Estimation of the size of the chromosome 17p11.2 duplication in Charcot-Marie-Tooth neuropathy type 1a (CMT1a). HMSN Collaborative Research Group.

P Raeymaekers¹, V Timmerman, E Nelis, W Van Hul, P De Jonghe, J J Martin, C Van Broeckhoven.

Abstract

We have previously shown a duplication in 17p11.2 with probe pVAW409R3 (D17S122) in 12 families with hereditary motor and sensory neuropathy type I (HMSN I) or Charcot-Marie-Tooth disease type 1 (CMT1). In this study we aimed to estimate the size of the duplication using additional polymorphic DNA markers located in 17p11.2-p12. Two other 17p11.2 markers, pVAW412R3 (D17S125) and pEW401 (D17S61), were found to be duplicated in all HMSN I patients tested.

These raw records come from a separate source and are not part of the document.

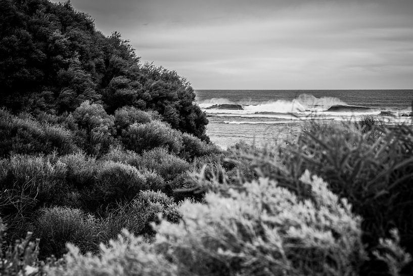 In dieser Schwarz-Weiß-Aufnahme der westaustralischen Küste reduziert sich die Landschaft auf ihre wesentlichen Formen und Strukturen. Im Vordergrund ziehen sich die Büsche als helle und dunkle Flächen nach links ansteigend durch das Bild und erzeugen eine klare Linienführung. Rechts im Mittelgrund öffnet sich der Blick auf die…
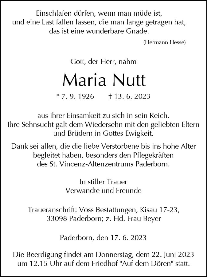 Maria Nuttgestorben am 13. Juni 2023
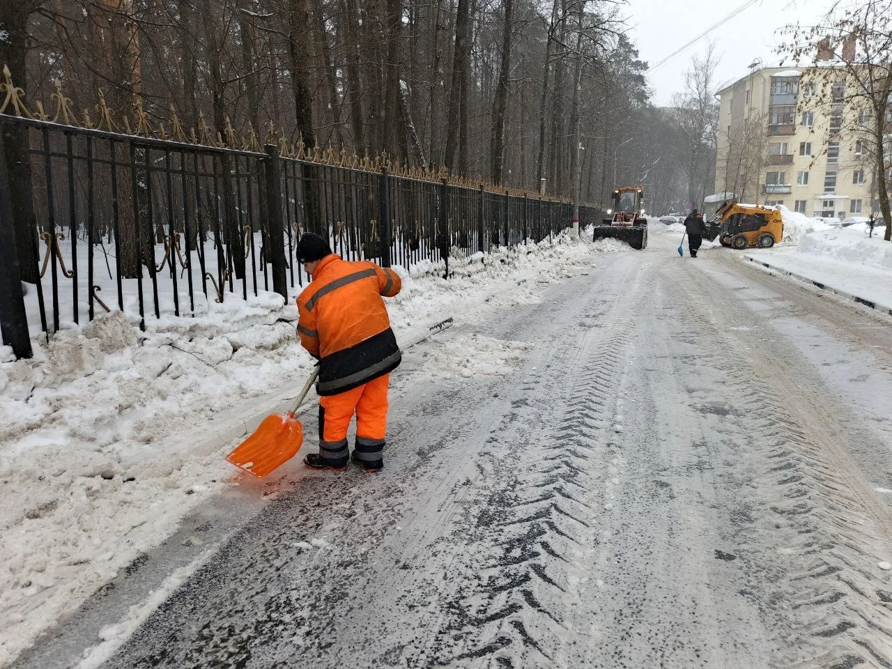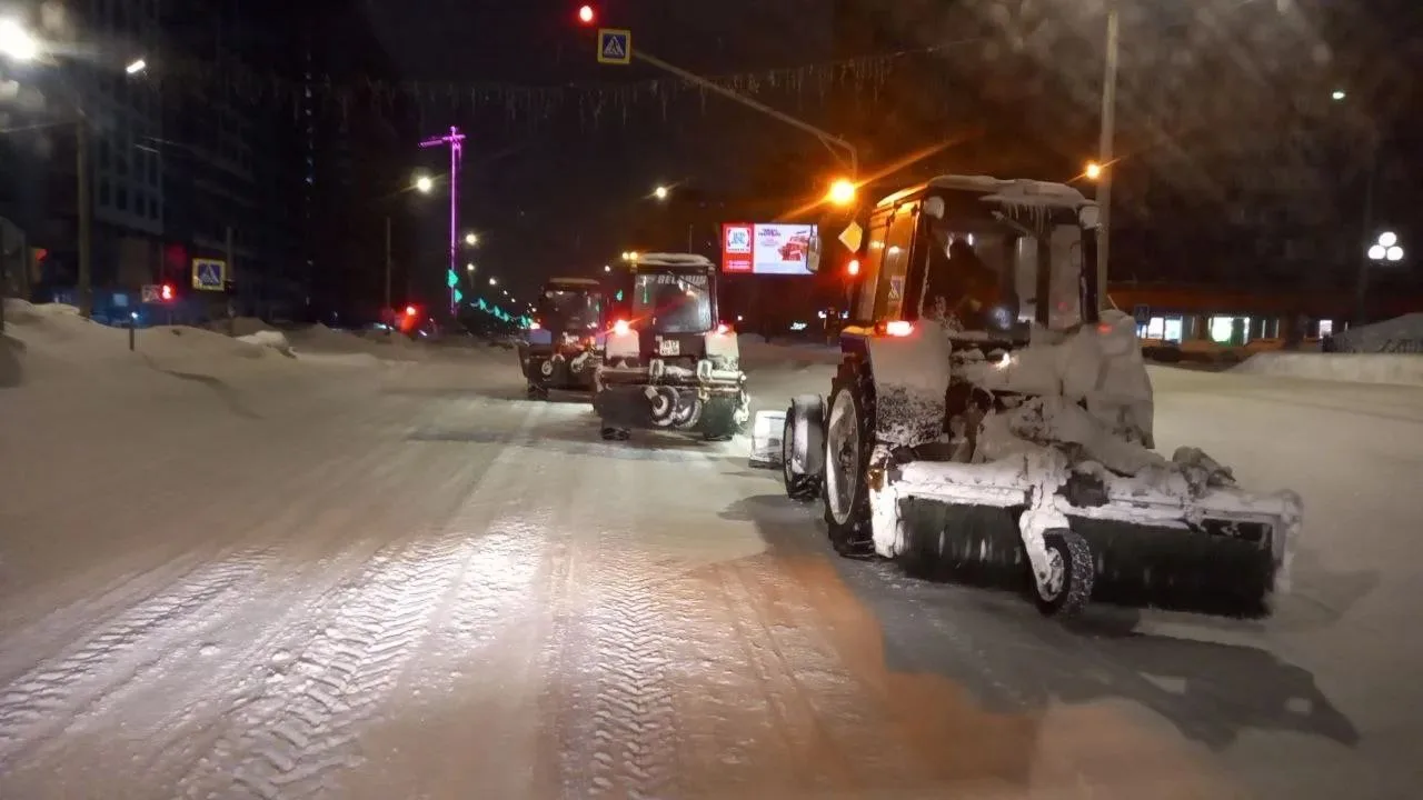 🚜 Коммунальные службы работают в усиленном режиме. В первую очередь расчищают проезжие части, тротуары, подходы к социальным объектам, выходы из подъездов, остановки.

Furthermore, all HMSN I patients showed the same duplication junction fragment with probe pVAW409R3. On the genetic map the duplicated markers span a minimal distance of 10 cM while on the physical map they are present in the same NotI restriction fragment of 1150 kb. The discrepancy between the genetic and physical map distances suggests that the 17p11.2 region is extremely prone to recombinational events. The high recombination rate may be a contributing factor to the genetic instability of this chromosomal region.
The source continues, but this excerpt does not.